# boat title?



## hoochfisher (Sep 24, 2009)

i just got my first boat this week and i have a question.


how do i go about changing the title over to my name? i know the procedure for trailers and autos, but i am lost on the boat title. do i take it to the tag office too?

thanks,
hooch


----------



## Backlasher82 (Sep 24, 2009)

Georgia doesn't title boats or trailers.


----------



## hoochfisher (Sep 24, 2009)

ok. 

but i do have a title from the original owner who bought it new. is there no way it can be transfered to my name?


----------



## Backlasher82 (Sep 24, 2009)

I had a NC title for a boat and trailer I bought from a guy in North Carolina and took them both into the Rabun County tag office when I bought the trailer tag. The nice lady that sold me the tag handed the titles back and told me Georgia doesn't title boats or trailers.

Take your paperwork to your county tag office when you buy your tag, your experience may be different.


----------



## boneboy96 (Sep 24, 2009)

Keep it in a safe place (like all important documents) and give it over to the next person who comes in possession of the boat, should you ever decide to sell it.   Congrats on your 1st boat...I'll expect some pics in the photo section!


----------



## jimbo4116 (Sep 24, 2009)

Backlasher82 said:


> Georgia doesn't title boats or trailers.
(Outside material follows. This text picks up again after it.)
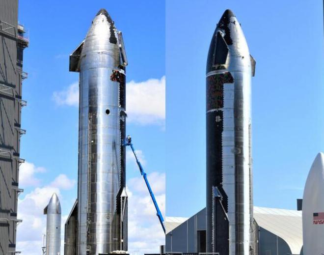 然而,除了移除猛禽發(fā)動(dòng)機外,自被送返高艙以來(lái),工作人員最重要的任務(wù)是檢查 S20 的隔熱罩,修復或更換破碎、破損和松動(dòng)的隔熱瓦。在 S20 回到建造現場(chǎng)后不久,吊桿升降機上的工作人員開(kāi)始了看似艱巨的過(guò)程,即檢查星際飛船的機頭隔熱罩,并用彩色膠帶標記數百塊有裂縫、破碎或其他不太明顯問(wèn)題的隔熱瓦。

Georgia does not have a title requirement for boats but you must register them through DNR.  

You will need a notarized bill of sale, the boat registration card from the previous owner.  You can get the form to change registration from most hunting and fishing license dealers or boat dealer. I think you can print one off line.  

Go on the DNR website and follow the directions.

Georgia does not require titles on trailers weighing 2000 lbs or less. You will have to go to the tag office for the trailer. You will need the bill of sale from the previous owner for the trailer to buy a tag. If you have a title from the previous owner take it with you it won't hurt.


----------